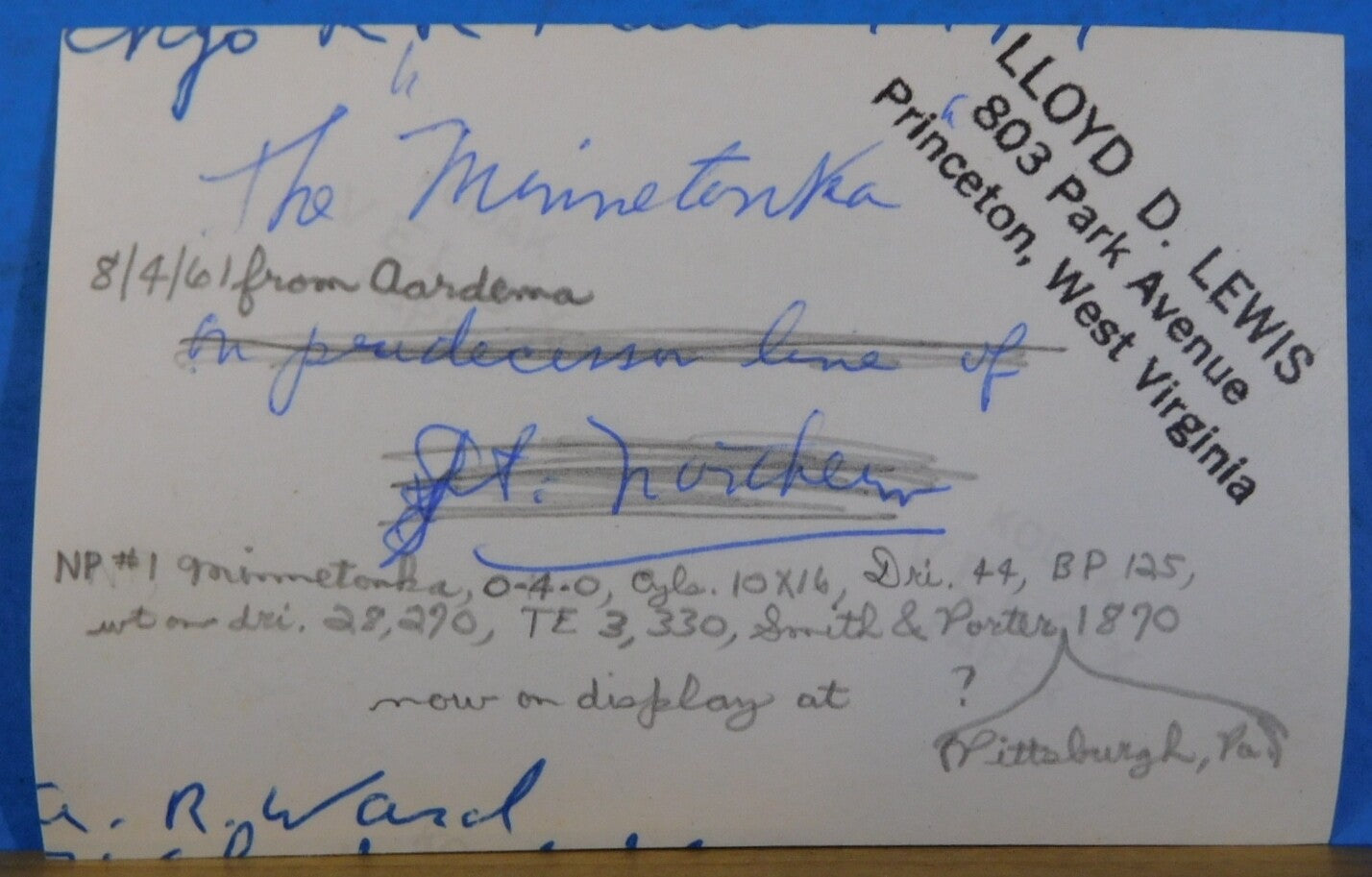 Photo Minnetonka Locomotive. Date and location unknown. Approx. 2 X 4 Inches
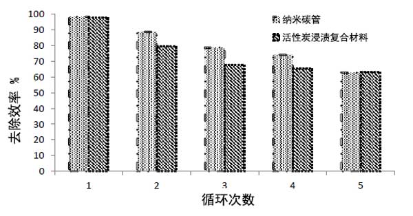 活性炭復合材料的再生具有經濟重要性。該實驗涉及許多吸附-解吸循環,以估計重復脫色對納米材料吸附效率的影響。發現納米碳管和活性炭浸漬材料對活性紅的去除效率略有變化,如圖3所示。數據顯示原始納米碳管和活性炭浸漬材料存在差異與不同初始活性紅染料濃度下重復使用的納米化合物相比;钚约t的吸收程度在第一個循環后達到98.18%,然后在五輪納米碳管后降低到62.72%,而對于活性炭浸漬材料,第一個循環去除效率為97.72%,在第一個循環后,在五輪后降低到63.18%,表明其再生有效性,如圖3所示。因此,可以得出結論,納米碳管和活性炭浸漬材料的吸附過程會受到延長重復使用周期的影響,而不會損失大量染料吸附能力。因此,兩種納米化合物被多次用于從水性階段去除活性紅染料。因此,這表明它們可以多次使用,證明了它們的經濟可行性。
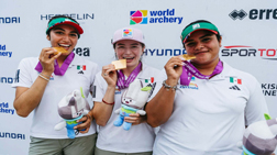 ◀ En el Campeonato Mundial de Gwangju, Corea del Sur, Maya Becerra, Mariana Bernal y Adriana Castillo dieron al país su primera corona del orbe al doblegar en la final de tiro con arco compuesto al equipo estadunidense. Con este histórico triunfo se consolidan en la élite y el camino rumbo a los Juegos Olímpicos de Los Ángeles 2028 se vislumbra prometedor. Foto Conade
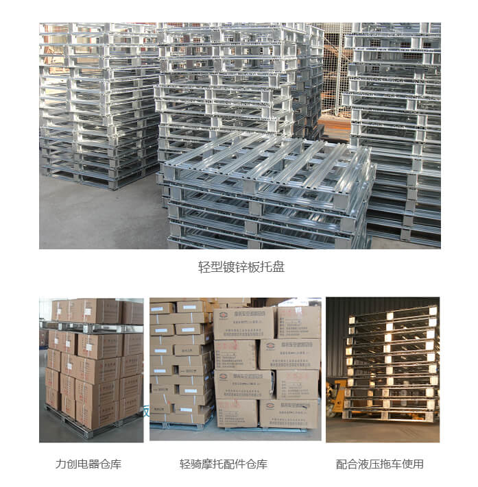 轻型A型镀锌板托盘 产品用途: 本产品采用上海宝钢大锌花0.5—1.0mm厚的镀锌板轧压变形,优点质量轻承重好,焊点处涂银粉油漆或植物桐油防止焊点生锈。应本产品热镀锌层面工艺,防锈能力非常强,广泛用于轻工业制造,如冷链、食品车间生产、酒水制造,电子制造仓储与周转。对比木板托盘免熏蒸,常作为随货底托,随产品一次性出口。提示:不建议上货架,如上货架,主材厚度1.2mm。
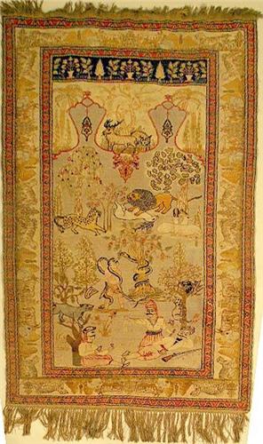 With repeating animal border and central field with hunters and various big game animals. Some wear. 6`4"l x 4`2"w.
--------------------------------------------------
Action item: Exactly reproduce each record, leaving out any pictures.

Worked solution:
 Photo Minnetonka Locomotive. Date and location unknown. Approx. 2 X 4 Inches
 活性炭復合材料的再生具有經濟重要性。該實驗涉及許多吸附-解吸循環,以估計重復脫色對納米材料吸附效率的影響。發現納米碳管和活性炭浸漬材料對活性紅的去除效率略有變化,如圖3所示。數據顯示原始納米碳管和活性炭浸漬材料存在差異與不同初始活性紅染料濃度下重復使用的納米化合物相比;钚约t的吸收程度在第一個循環后達到98.18%,然后在五輪納米碳管后降低到62.72%,而對于活性炭浸漬材料,第一個循環去除效率為97.72%,在第一個循環后,在五輪后降低到63.18%,表明其再生有效性,如圖3所示。因此,可以得出結論,納米碳管和活性炭浸漬材料的吸附過程會受到延長重復使用周期的影響,而不會損失大量染料吸附能力。因此,兩種納米化合物被多次用于從水性階段去除活性紅染料。因此,這表明它們可以多次使用,證明了它們的經濟可行性。
 ◀ En el Campeonato Mundial de Gwangju, Corea del Sur, Maya Becerra, Mariana Bernal y Adriana Castillo dieron al país su primera corona del orbe al doblegar en la final de tiro con arco compuesto al equipo estadunidense. Con este histórico triunfo se consolidan en la élite y el camino rumbo a los Juegos Olímpicos de Los Ángeles 2028 se vislumbra prometedor. Foto Conade
 轻型A型镀锌板托盘 产品用途: 本产品采用上海宝钢大锌花0.5—1.0mm厚的镀锌板轧压变形,优点质量轻承重好,焊点处涂银粉油漆或植物桐油防止焊点生锈。应本产品热镀锌层面工艺,防锈能力非常强,广泛用于轻工业制造,如冷链、食品车间生产、酒水制造,电子制造仓储与周转。对比木板托盘免熏蒸,常作为随货底托,随产品一次性出口。提示:不建议上货架,如上货架,主材厚度1.2mm。
 With repeating animal border and central field with hunters and various big game animals. Some wear. 6`4"l x 4`2"w.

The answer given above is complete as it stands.